何だろうこれは、皆は何を評価してるのだろうか。こんなゴミとしか思えないようなラーメンに人気があるのだろうか。そうか、麺がスープと絡んだら美味しいのかもしれない、と無理やり思うことにした。
蓮華でスープをすくって飲んでみる。
「うわ!うわ!」
まずいなんてもんじゃなかった。魚介系の風味と聞いていたが、他人の靴下の匂いだ。夏の日の靴下だ。既に結果は分かっていながら、麺と絡めて口にしてみるとやっぱりうまいわけがなく、嗚咽と涙が零れた。私の呻き声が店内に少し響く。それに気づいた店員がカウンターの向こうから慈愛に満ちた顔で見てくる。「わかるよわかるよ」という顔だ。お前! この涙は感動じゃないぞ決して!そう叫びたい気持ちだった。
屈辱である。屈辱でしかない。なにが悲しくて他人の靴下スープに浸かった牛糞を啜らなくてはいけないのか。なにが一体どうなっているのか。目眩がした。背中をいやな汗が伝う。周りからは幸福そうな会話が聞こえる。
もしかしたら店員が間違えて出してきたんじゃないか?そう考えれば合点も行く。
私は、カウンターの席の隣の、会話に夢中の女性二人を見た。注文は味噌ラーメンのようだった。話に夢中な隙に一口いただけないだろうか。確かめないと気がすまないのだ。ひと口確認させてほしい。浅ましいが。大丈夫、きっとバレることはあるまい。視線の隙をくぐりぬけてラーメンをひと口分失敬する。バレてない。
さりげない手つきで速やかに、それを口に運ぶ。
やっぱりくさい! そしてまずい!
先ほどのゴミに味噌を足しただけだった。味噌のぶんことさらにまずいような気がした。
なんなんだこれは。味覚は人それぞれというが、ここまで自分のそれはマジョリティからかけはなれるものなのか?分からない。自分が世界と切り離された感覚だ。携帯電話を使って、店の情報を検索する。ラーメン評価サイトでこの店は98点というハイスコアをたたきだしている。

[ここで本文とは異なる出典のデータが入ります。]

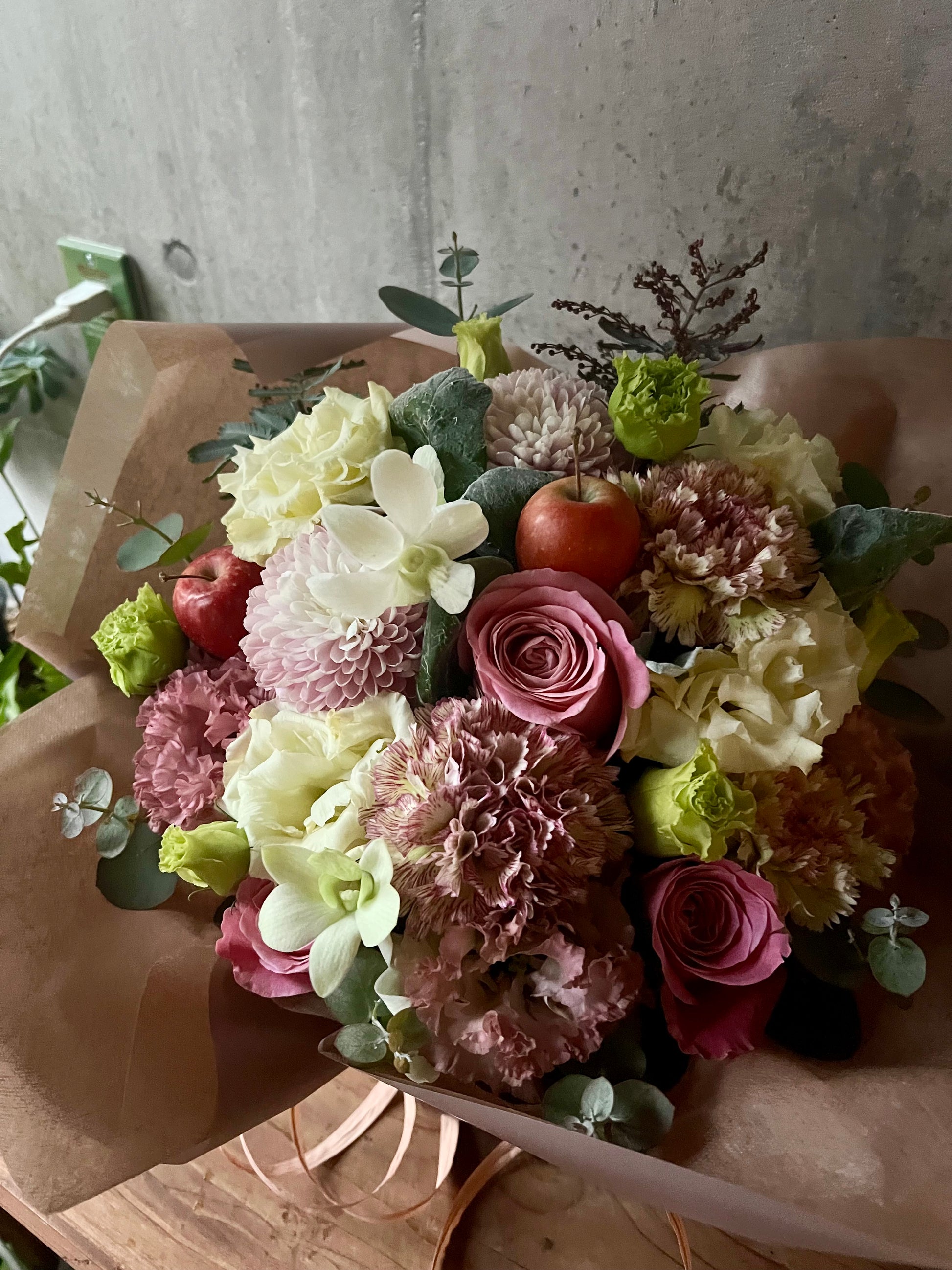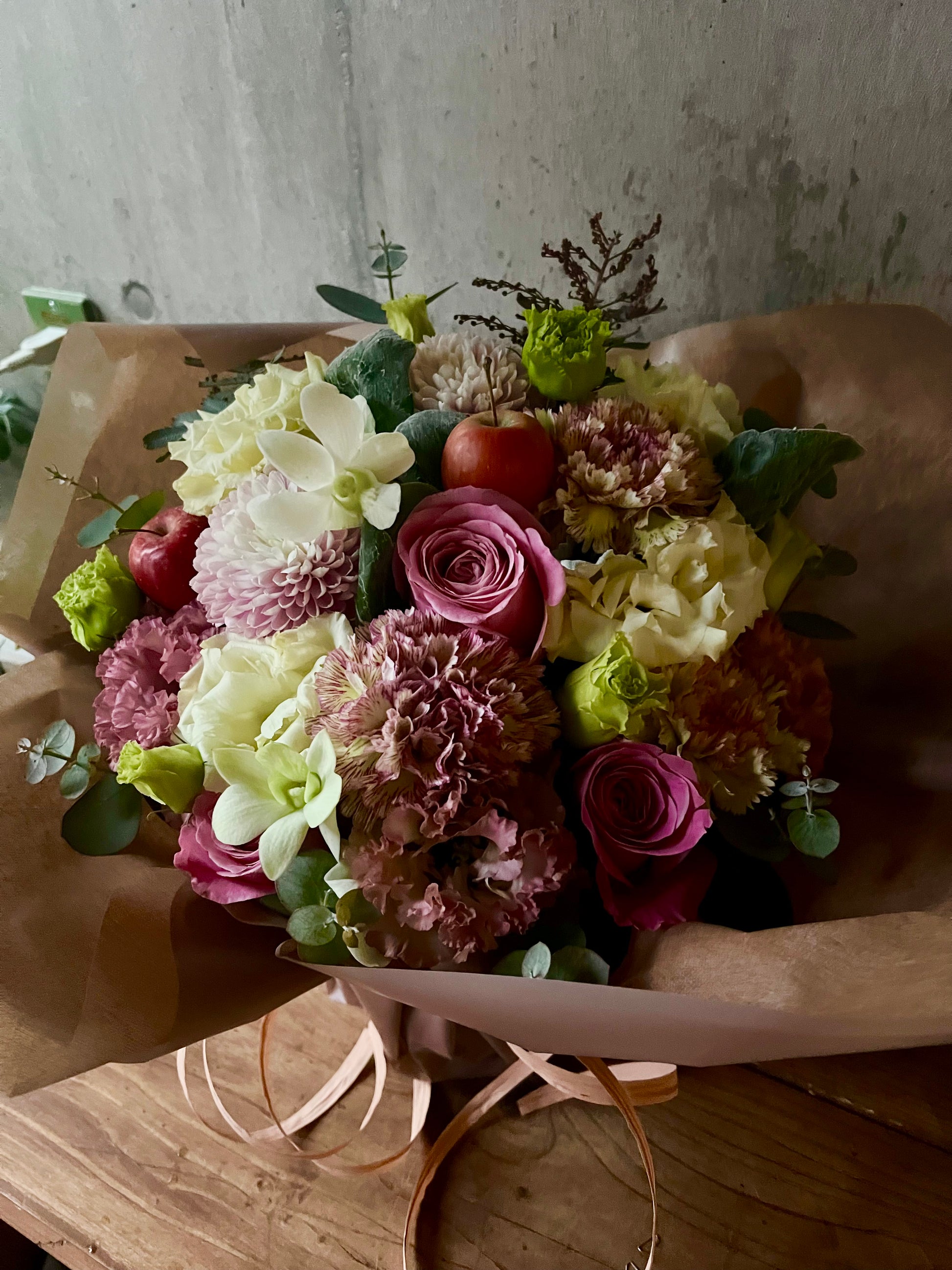 - 使用する花は、季節や仕入れの状況により写真と異なる場合がございますが、ボリューム感や雰囲気は掲載写真にそうよう十分配慮いたします

レビューに批判的なコメントは見当たらない。
自分の舌がおかしくなったのか? いや、昨日まで普通においしいものをおいしいと、まずいものをまずいと判別できていたはずだ。苦痛を圧しながら何度か挑んでみたが、このラーメンはどう味わってみてもゴミ以外の何でもなかった。

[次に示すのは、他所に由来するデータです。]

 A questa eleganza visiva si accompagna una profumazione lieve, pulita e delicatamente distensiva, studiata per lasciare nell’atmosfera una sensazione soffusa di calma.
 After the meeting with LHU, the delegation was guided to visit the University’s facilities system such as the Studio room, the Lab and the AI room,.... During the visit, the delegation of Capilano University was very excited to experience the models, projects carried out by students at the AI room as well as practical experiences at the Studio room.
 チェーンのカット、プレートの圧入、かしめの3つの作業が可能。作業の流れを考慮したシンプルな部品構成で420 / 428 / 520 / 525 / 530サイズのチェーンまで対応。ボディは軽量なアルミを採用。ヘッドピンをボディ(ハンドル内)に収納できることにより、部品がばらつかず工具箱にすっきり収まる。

ダメだ。今日は調子が悪いんだきっと。帰ろう。帰って忘れよう。大盛のラーメンを残すのはいい気分ではないけれど、仕方ない。席を立とうとすると店員がやってきた。
「片付けますね……え!?」
そう言って彼はテーブルのどんぶりを見て絶句した。
「お客様、こんなに残されるんですか…?」
「ああ、申し訳ないね」
テーブルにいくつか雫が落ちる。店員が涙を流しはじめていた。
「お、お言葉ですがお客様…確かに、うちは小さい店ですが…こんなに……こんなにまで残されるんですか?何か恨みでもおありですか…?」
店員の表情は悲しみと憤りに満ちている。何だお前は? お前こそこんなラーメン出してくるなんて恨みがあるとしか思えない。気がつけば店内が静まりかえっていて、他の店員も客もこちらをにらんでいる。
「うわあ、あんなに残してるよ」
「飢えた子供たちに申し訳なくないのかよ」
「味覚がいかれてるんじゃないの?」
「ゴミだな、人間のゴミ」
そんな囁き声が聞こえる。店員は泣きながら続けた。
「いいですよ! お代は結構です!ですが、このラーメン、全部食べてください!でないと我々は、納得できません!精一杯の気持ちをこめて!お客様にお出ししているこのラーメンと、向き合ってください!ちゃんと!おねがいします!」
納得できないのはこっちだ。というか、この麺を完食するなんて無理だ!まじで無理だ!勢いよくそう告げようとしたとき、店員が土下座をし始めた。
「おねがいします! おねがいします!」
絶句していると、店内の至る所からタベロコールが聞こえてきた。
「タ! ベ! ロ!! タ! ベ! ロ!! タ! ベ! ロ!!」
私は逃げ出したかった。なんと言われようとこの場を一刻も早く立ち去りたかった。そして、そうするべきだったのだと思う。突然、店の奥から声が聞こえた。
「食べらっしゃーい!!」
全身刺青まみれの店主が鉈をもちながら血管を浮き出させている。刺青には「一麺」という謎めいた漢字が極太明朝体で彫られている。このゴミ麺食べないと殺される。でも死ぬ。このゴミラーメン完食したらまずさで死ぬ。全身の毛が逆立って、雨にふられたように身体が汗にまみれている。店内の客は皆、殺気立っている。震える足で椅子に座りなおす。
これを、食うのか?再び。
自分の存在が世界から完全に切り離されてしまった感覚。絶望的な質量の孤独が、眼前に立ちはだかっていた。そして再び箸をスープに沈めた時、私は思い出していた。私は自動車事故で死んだのだ。どうやら生前に徳は積めていなかったらしい。